The Expanding Landscape of Agentic AI and Its Unique DR Challenges
Agentic AI refers to artificial intelligence systems capable of autonomous decision-making, goal-setting, and execution without constant human intervention. These systems are designed to perceive their environment, act upon it, and adapt to achieve specific objectives, often learning and evolving independently. Examples span from advanced automation bots managing complex IT infrastructures to sophisticated algorithms optimizing supply chains, financial trading, or even critical security operations. The integration of agentic AI promises unprecedented efficiency and innovation, but it also introduces novel and complex challenges for disaster recovery and business continuity planning. Unlike traditional software systems, agentic AI’s autonomous nature means failures can propagate rapidly, leading to cascading effects across interconnected systems. Data poisoning, unexpected algorithmic biases, or even malicious manipulation of an agentic system could trigger widespread operational paralysis, making traditional, reactive recovery strategies potentially inadequate.

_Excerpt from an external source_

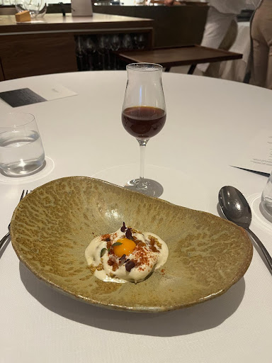 The wine paring (intl. one) was just average. The Muga rioja is good, but why serve an off vintage (2018) when a good one (15/16) is barely €25 retail!?). We also had a €70 per glass of champagne and the price wasn’t particularly clear to us when offered, but ok… Anyhow…In the end we paid about €600 and left very underwhelmed and disappointed for the lobby experience.
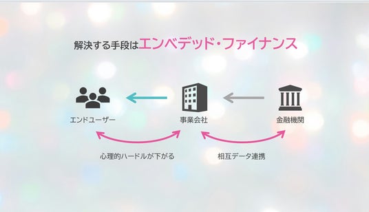 エンドユーザーは普段使っているアプリの中で、自然にお金を借りることができるため心理的ハードルを下げられる上に、データ連携により自分に合った与信を受けられることになります。

"Organizations need to put more emphasis on creating long-term, structured, and tested disaster recovery plans," stated Kim Larsen, Group Chief Information Security Officer at Keepit, in a public statement accompanying the report. Larsen further emphasized the foundational role of robust data governance and accountability, asserting that these elements are indispensable for any effective resiliency plan. His comments underscore the growing industry consensus that as AI systems become more autonomous, the need for proactive, rigorously tested recovery protocols becomes paramount.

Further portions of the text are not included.